Nos intervalos de quatro anos que separavam esses dias, fui crescendo. Enquanto eu engatinhava, o Brasil também dava os primeiros passos de seu primeiro governo de esquerda; expandia as universidades enquanto eu cursava o ensino infantil e o fundamental. Enquanto o brasileiro adquiria poder de compra, eu aprendia a contar meus próprios trocados para comprar lanche na cantina do colégio. Quando saímos do mapa da fome, eu já chegava à pré-adolescência.
Há certa esperança em crescer junto com um país. Quem nasceu no final dos anos 1990 ou no início dos 2000 viveu momentos de otimismo que talvez só perceba agora, depois de ver seus castelos desmoronando. Certa vez, li um tweet que muito me marcou: uma garota dizia acreditar que outras gerações talvez não entendam a angústia de tentar criar planos para um futuro sem sequer ter expectativas de que esse futuro um dia chegue, ou, ainda, que nele haja condições plausíveis para que os planos que hoje fazemos se concretizem.
Nos últimos quatro anos, vimos os direitos reduzirem, a violência aumentar, o discurso de ódio ser naturalizado. Quem nasceu na virada do século vive, hoje, um choque de realidade pelo futuro que esperavam receber não ter se tornado o presente ideal.

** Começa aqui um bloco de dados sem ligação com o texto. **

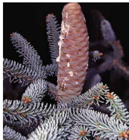
▲ Abies pinsapo 'Glauca' – šiška (R. Rybková)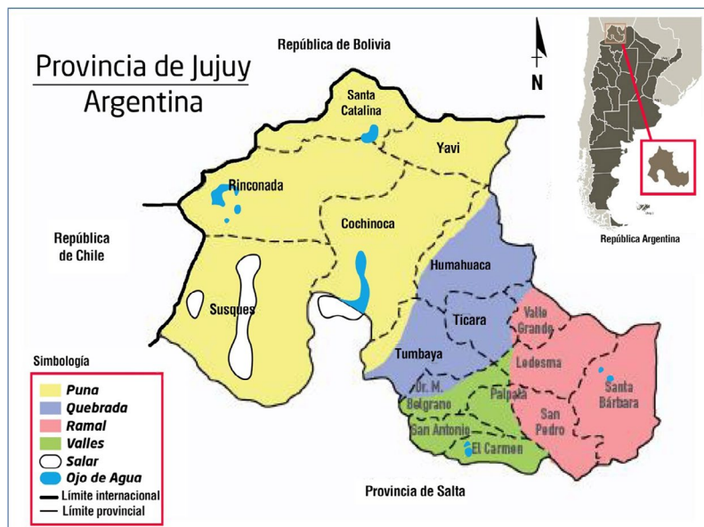
Figura 1. Regiones ambientales de la Provincia de Jujuy.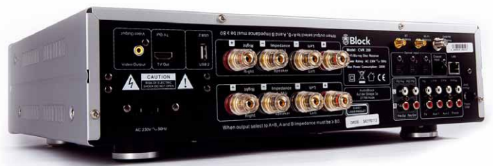
Sogar zwei Paar Vorverstärkerausgänge sind vorhanden

Bereits beim Auspacken der Sonderedition erahnt man, dass es sich um ein exklusives Produkt handelt. Denn sicher in Schaumstoff verpackt liegt neben dem Gerät eine Holzkiste, in der sich als kleine Überraschung ein edler Rotwein aus Italien verbirgt. Wein- und Musikgenuss harmonieren ja auch bestens.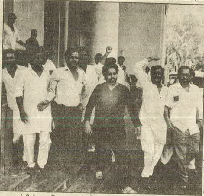
வக்ஃப் வாரிய ஊழல் மோசடியை எதிர்த்துச் சட்டமன்றத்தில் இருந்து காங்கிரசாரின் வெளிநடப்பு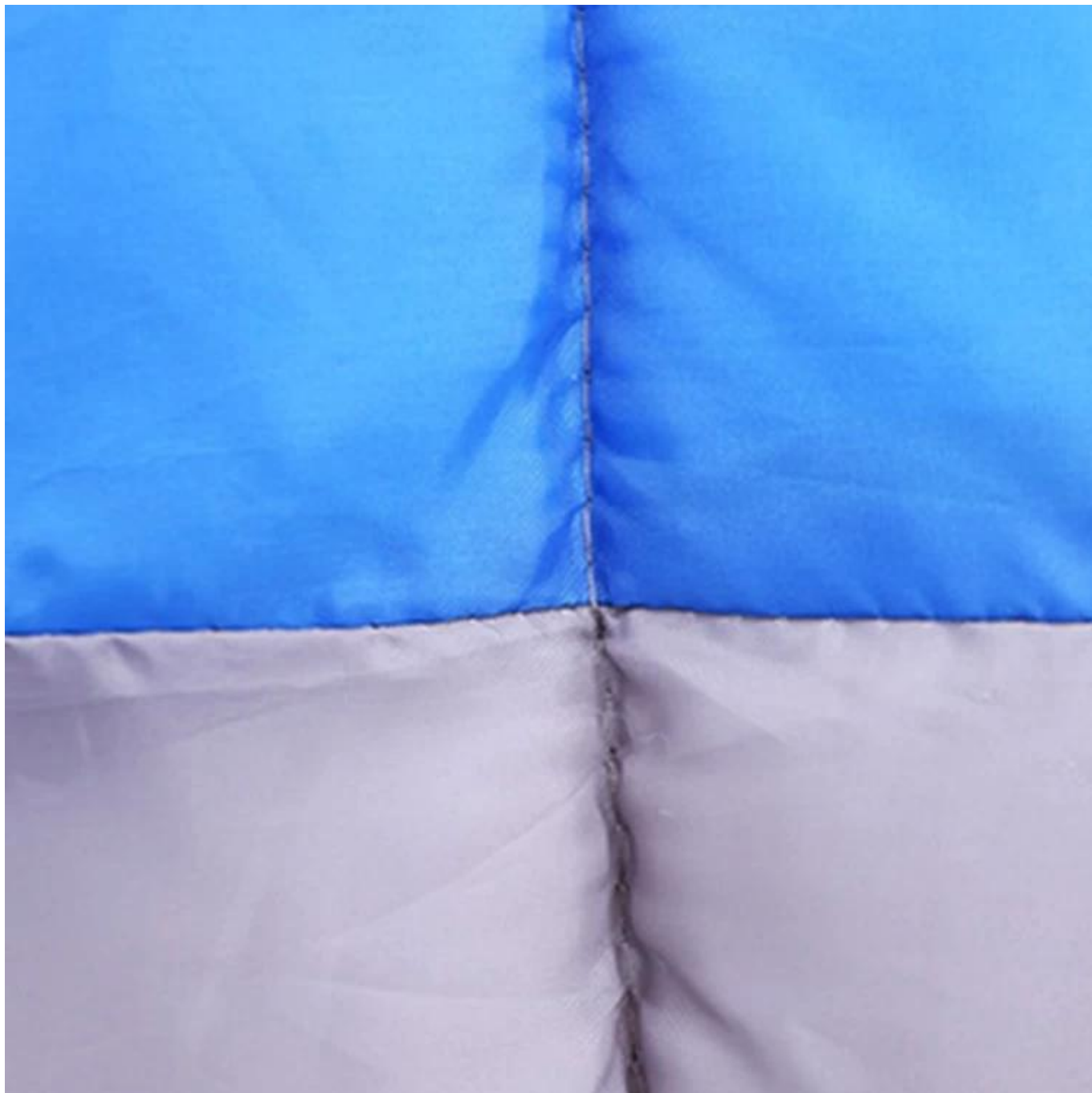
Zíper com controles deslizantes duplos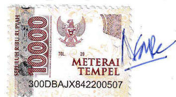
Naufal Fikriy Al Fauzan

Este ano, votei pela primeira vez, na mesma semana em que completei 20 anos. Em um acaso que gosto de acreditar que é um tanto quanto simbólico, repeti o voto dos meus pais, de 20 anos atrás, quando eu só tinha um dia de vida. Votei, talvez, não com a mesma empolgação quanto eles, mas com igual esperança de um país melhor.